* Your task:
Pull out every line from the line containing "Mappestrukturen i jeres" through the end of the material, both ends included, and reproduce it exactly. Keep pictures out.

* Source material:
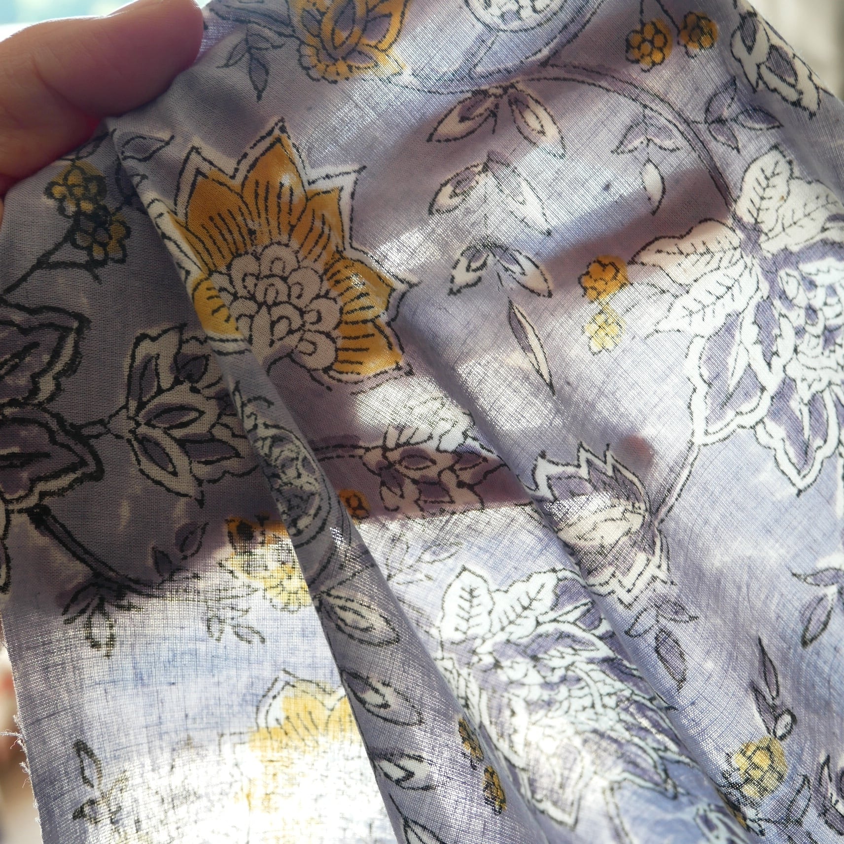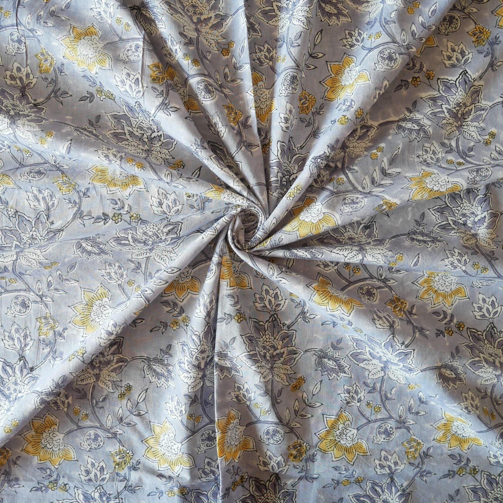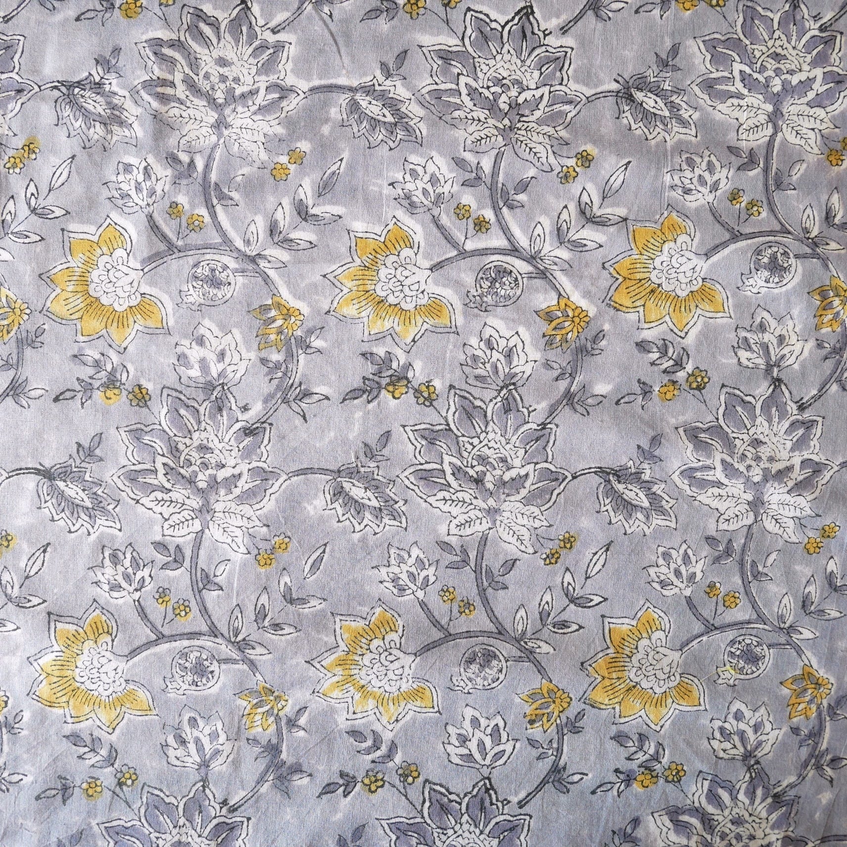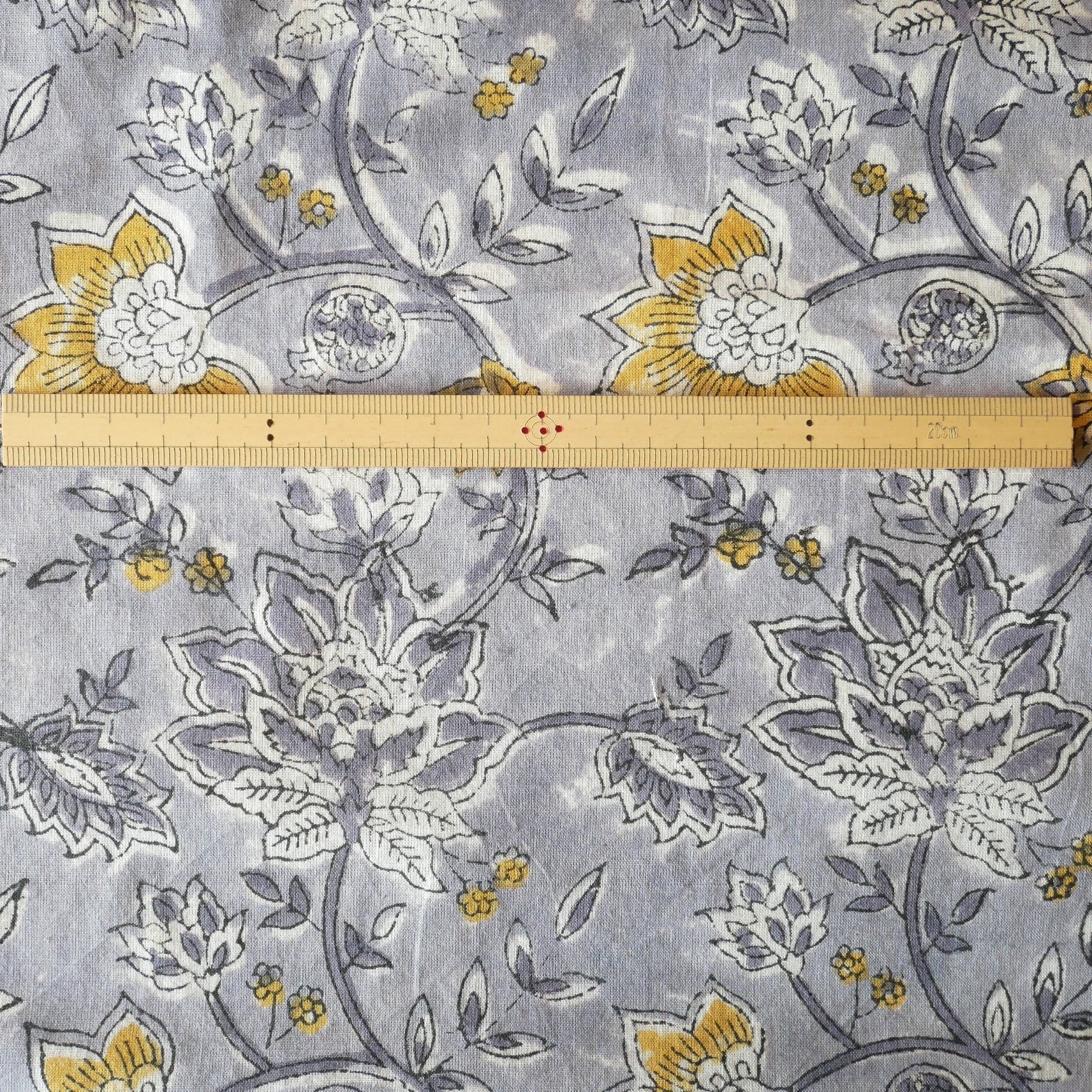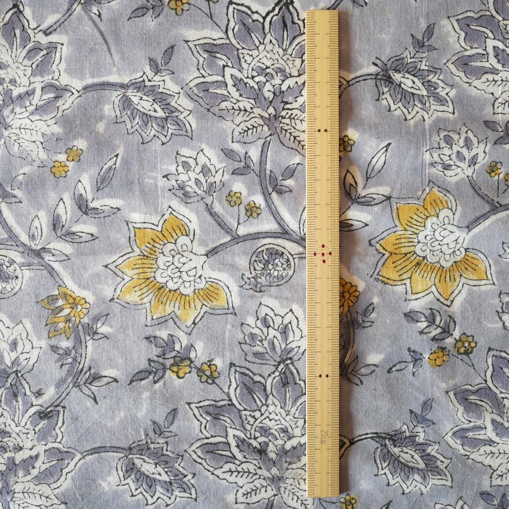 ラスト10点(約1m) ハンドブロックプリント生地 インド更紗 綿生地 グレーベース×イエロー&グレーのフラワー柄 薄手コットン JE-250849
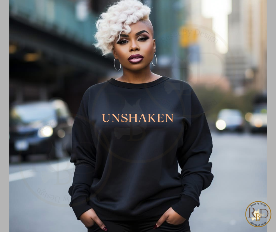 UNSHAKEN isn’t a trend or a slogan — it’s a declaration. Designed for women who’ve endured, evolved, and emerged stronger, this piece speaks without shouting.
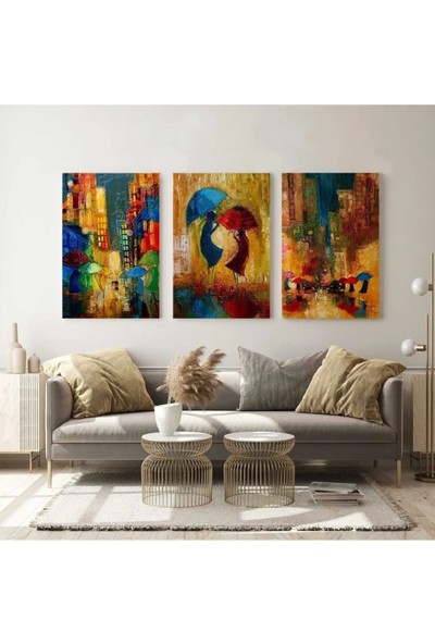 AR AJANS KANVAS TABLO Şemsiyeli Çift Soyut Aşk Love Yağmur Dekoratif Modern Üçlü Kombin 3 Lü Set Kanvas Tablo ART0057
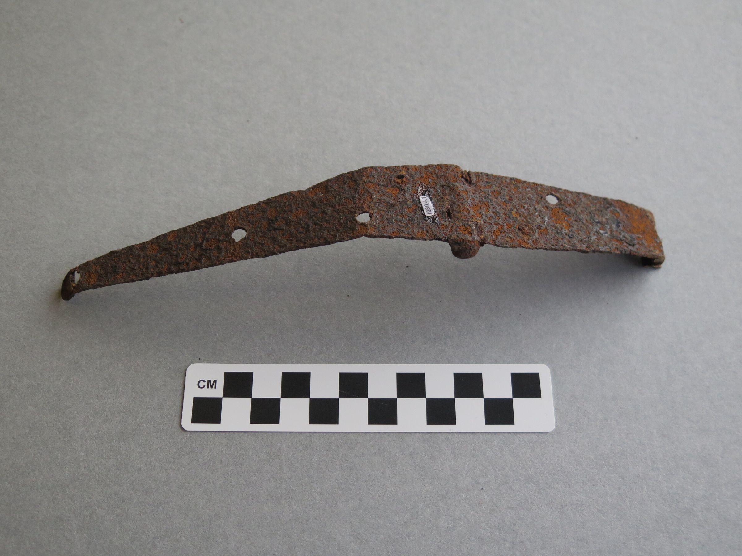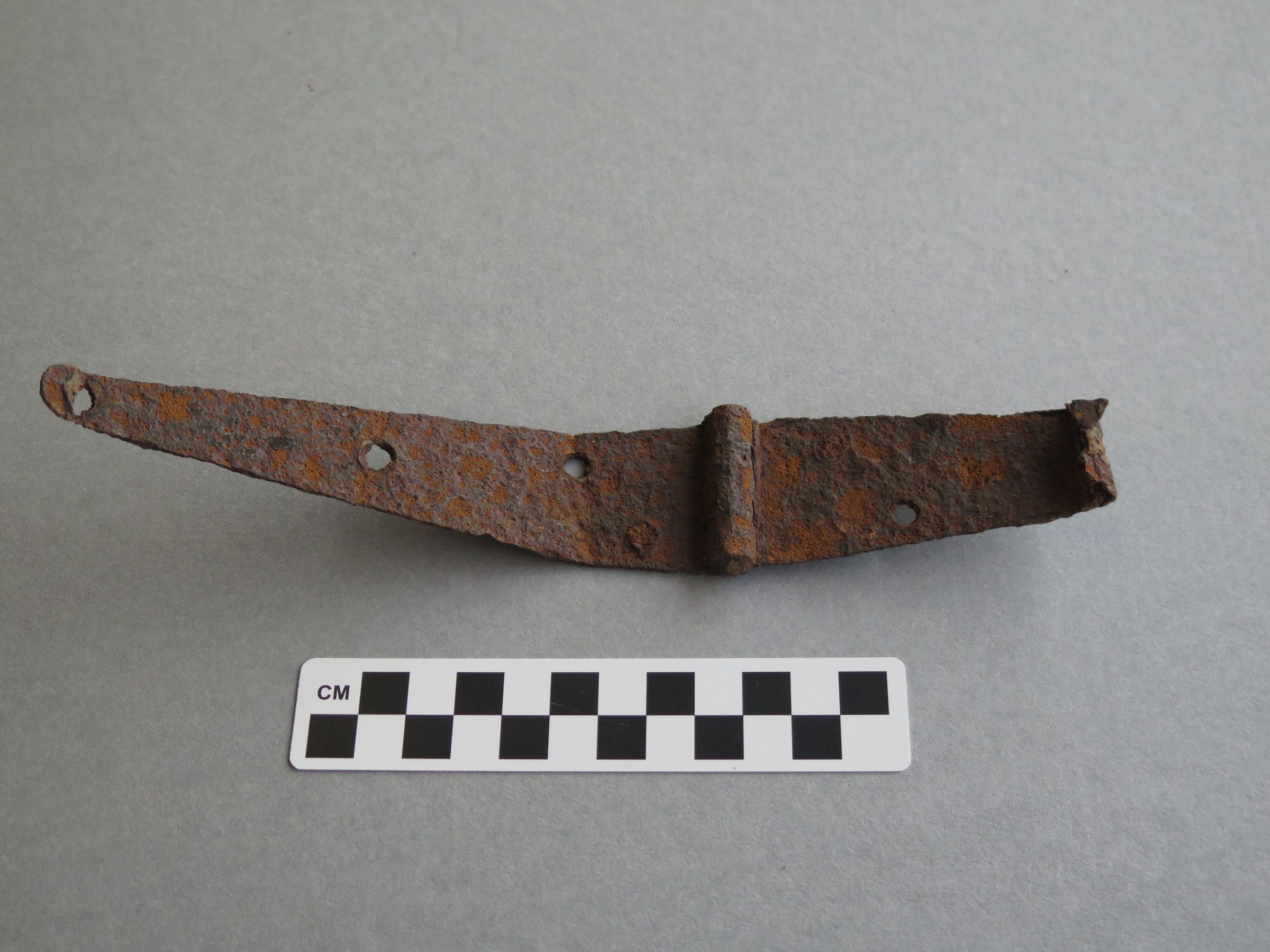 Iron metal hinge, two triangular straps on either side of the hinge. One has three attachment holes the other side is truncated with only one attachment hole. The hinge measures 5" (h) x 4" (w) x 23.5" (l).
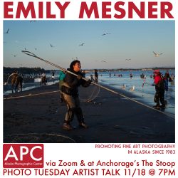 Please join us later this month for an artist talk by Emily Mesner ( @emilymesnerphoto )via zoom and at Anchorage’s The Stoop, a new center designed to inspire, educate & equip lens-based artists, located at 301 E Fireweed. Emily Mesner is an Anchorage-based artist who uses photography, creative writing and bookmaking to explore our collective Read more about November Photo Tuesday: Emily Mesner[…]
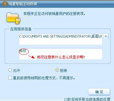 接下来根本不知道病毒修改了注册表什么,因为瑞星没显示,是不是BUG?
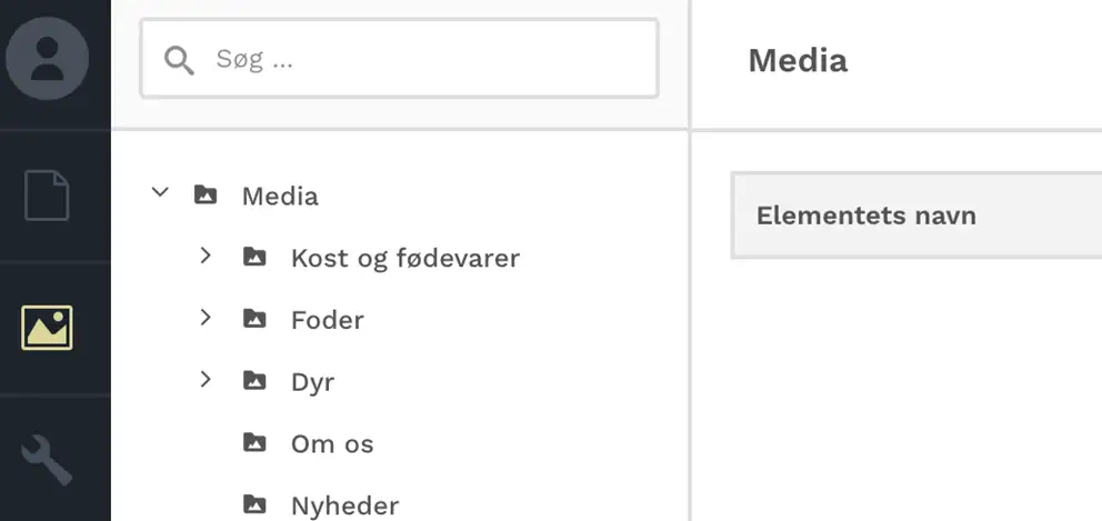 Mappestrukturen i jeres mediearkiv er oprettet, så den afspejler jeres sidestruktur på de øverste niveauer. Placer filerne i den relevante mappe.
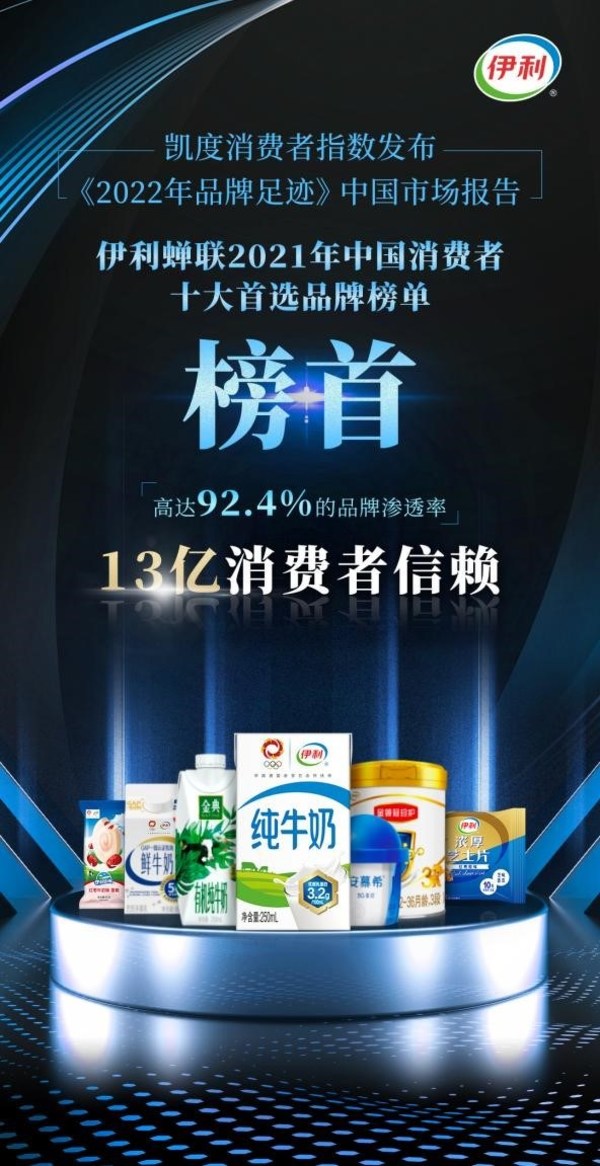 呼和浩特2022年6月24日 /新闻稿网 - Xinwengao.com/ — 消费者的普遍满意是对健康食品企业最大的肯定。6月23日,凯度消费者指数发布《2022年品牌足迹》中国市场报告,伊利凭借92.4%的品牌渗透率、13亿的消费者触及数,蝉联"消费者选择最多品牌"榜首。同时,凯度消费者指数连续10年对26000个全球品牌的洞察结果显示,伊利稳居中国消费者"首选品牌"。 2022年是凯度消费者指数全球品牌足迹报告发布十周年,以真实的消费者行为指标的消费者触及数(CRP),揭示各市场消费者选择最多、最经常购买的品牌。作为健康领域的龙头企业,伊利始终坚持"以消费者为中心",汇聚全球优质资源,持续为消费者提供高品质的产品和服务,深受消费者的青睐和支持,在过去的一年里继续扩大领先优势,强势领跑中国快消品市场。 在伊利,"以消费者为中心"不仅意味着要重视消费者,更要转变角色,做消费者的"真爱粉丝",将每一位消费者都视为VIP,并围绕消费者反馈不断提升产品和服务的品质。为了给消费者带来更多的营养和美味口感的新体验,伊利通过洞察消费者对营养、健康、场景等多元需求,成功研制出常温酸奶超级品牌安慕希,广受市场欢迎,上市短短7年便一举突破200亿元销售大关,并通过持续不断的创新,相继打造了高脚杯的勺吃酸奶、AMX无蔗糖系列、哈密瓜酸奶等特色产品,让酸奶"老传统"迸发了"新时尚"。 而为了让消费者喝到更营养、更健康的牛奶,伊利紧跟消费者需求,汇聚全球优质资源,成功研制出伊利金典,填补了我国有机乳品市场的空白,并通过持续研发率先升级优质乳蛋白含量至3.8g/100ml,2022年上半年推出的金典超滤牛奶更是将蛋白质含量提升至6g/100ml,不断刷新白奶营养的新高度。金典超滤牛奶应用超滤工艺,以多倍生牛乳为原料,过滤掉其中多余的水、脂肪、乳糖和钠,浓缩出高倍的蛋白营养,高蛋白、高钙、低脂、低钠的特点符合现在国内消费者的健康需求,引领高品质牛奶创新升级的方向,一经推出便收获了市场的广泛认可。金典不断创新,为消费者带来高品质的牛奶滋养,推动其成为继伊利、安慕希后第3个年销售收入超过200亿元的品牌。 伊利旗下还拥有金领冠、优酸乳两大年销售收入100亿级品牌,有10个子品牌年销售收入在10亿元以上。在婴幼儿配方奶粉领域,为了让妈妈们放心,伊利对品质和创新的追求堪称苛刻。伊利金领冠通过甄选黄金奶源带上高品质奶源,以及"全过程溯源",让宝宝入口的每一滴奶都是看得见的最高品质。正因如此,金领冠成为我国首批符合奶粉"新国标"的婴幼儿配方奶粉品牌。2021年,金领冠销售额已经突破百亿,增速稳居行业第一。 同时,为了让消费者更方便地买到营养健康的牛奶,伊利紧抓数字经济契机,将数字技术应用于乳品行业,通过拓展消费渠道,搭建新消费场景,让消费者购买更加高效便捷。在渠道方面,伊利发挥商超、门店等线下原有渠道优势,积极探索"会员营销""社群营销""O2O到家"等新零售模式,同时加强与京东、天猫、抖音等流量电商平台开展合作,打造立体化线上消费场景,更好地为消费者提供服务。 正如《2022年品牌足迹》中国市场报告所指出,进入新冠疫情防控常态化时期,伊利通过打造全面健康营养的产品矩阵,不断满足中国消费者对于增强免疫力和多元化多场景的消费需求,也获得了更多消费者的青睐。面对乳业广阔的发展前景,伊利将持续洞察消费者需求,持续为消费者提供高品质的产品和服务,为消费者带来更多创新产品惊喜,实现"让世界共享健康"的梦想。

* Result:
 Mappestrukturen i jeres mediearkiv er oprettet, så den afspejler jeres sidestruktur på de øverste niveauer. Placer filerne i den relevante mappe.
 呼和浩特2022年6月24日 /新闻稿网 - Xinwengao.com/ — 消费者的普遍满意是对健康食品企业最大的肯定。6月23日,凯度消费者指数发布《2022年品牌足迹》中国市场报告,伊利凭借92.4%的品牌渗透率、13亿的消费者触及数,蝉联"消费者选择最多品牌"榜首。同时,凯度消费者指数连续10年对26000个全球品牌的洞察结果显示,伊利稳居中国消费者"首选品牌"。 2022年是凯度消费者指数全球品牌足迹报告发布十周年,以真实的消费者行为指标的消费者触及数(CRP),揭示各市场消费者选择最多、最经常购买的品牌。作为健康领域的龙头企业,伊利始终坚持"以消费者为中心",汇聚全球优质资源,持续为消费者提供高品质的产品和服务,深受消费者的青睐和支持,在过去的一年里继续扩大领先优势,强势领跑中国快消品市场。 在伊利,"以消费者为中心"不仅意味着要重视消费者,更要转变角色,做消费者的"真爱粉丝",将每一位消费者都视为VIP,并围绕消费者反馈不断提升产品和服务的品质。为了给消费者带来更多的营养和美味口感的新体验,伊利通过洞察消费者对营养、健康、场景等多元需求,成功研制出常温酸奶超级品牌安慕希,广受市场欢迎,上市短短7年便一举突破200亿元销售大关,并通过持续不断的创新,相继打造了高脚杯的勺吃酸奶、AMX无蔗糖系列、哈密瓜酸奶等特色产品,让酸奶"老传统"迸发了"新时尚"。 而为了让消费者喝到更营养、更健康的牛奶,伊利紧跟消费者需求,汇聚全球优质资源,成功研制出伊利金典,填补了我国有机乳品市场的空白,并通过持续研发率先升级优质乳蛋白含量至3.8g/100ml,2022年上半年推出的金典超滤牛奶更是将蛋白质含量提升至6g/100ml,不断刷新白奶营养的新高度。金典超滤牛奶应用超滤工艺,以多倍生牛乳为原料,过滤掉其中多余的水、脂肪、乳糖和钠,浓缩出高倍的蛋白营养,高蛋白、高钙、低脂、低钠的特点符合现在国内消费者的健康需求,引领高品质牛奶创新升级的方向,一经推出便收获了市场的广泛认可。金典不断创新,为消费者带来高品质的牛奶滋养,推动其成为继伊利、安慕希后第3个年销售收入超过200亿元的品牌。 伊利旗下还拥有金领冠、优酸乳两大年销售收入100亿级品牌,有10个子品牌年销售收入在10亿元以上。在婴幼儿配方奶粉领域,为了让妈妈们放心,伊利对品质和创新的追求堪称苛刻。伊利金领冠通过甄选黄金奶源带上高品质奶源,以及"全过程溯源",让宝宝入口的每一滴奶都是看得见的最高品质。正因如此,金领冠成为我国首批符合奶粉"新国标"的婴幼儿配方奶粉品牌。2021年,金领冠销售额已经突破百亿,增速稳居行业第一。 同时,为了让消费者更方便地买到营养健康的牛奶,伊利紧抓数字经济契机,将数字技术应用于乳品行业,通过拓展消费渠道,搭建新消费场景,让消费者购买更加高效便捷。在渠道方面,伊利发挥商超、门店等线下原有渠道优势,积极探索"会员营销""社群营销""O2O到家"等新零售模式,同时加强与京东、天猫、抖音等流量电商平台开展合作,打造立体化线上消费场景,更好地为消费者提供服务。 正如《2022年品牌足迹》中国市场报告所指出,进入新冠疫情防控常态化时期,伊利通过打造全面健康营养的产品矩阵,不断满足中国消费者对于增强免疫力和多元化多场景的消费需求,也获得了更多消费者的青睐。面对乳业广阔的发展前景,伊利将持续洞察消费者需求,持续为消费者提供高品质的产品和服务,为消费者带来更多创新产品惊喜,实现"让世界共享健康"的梦想。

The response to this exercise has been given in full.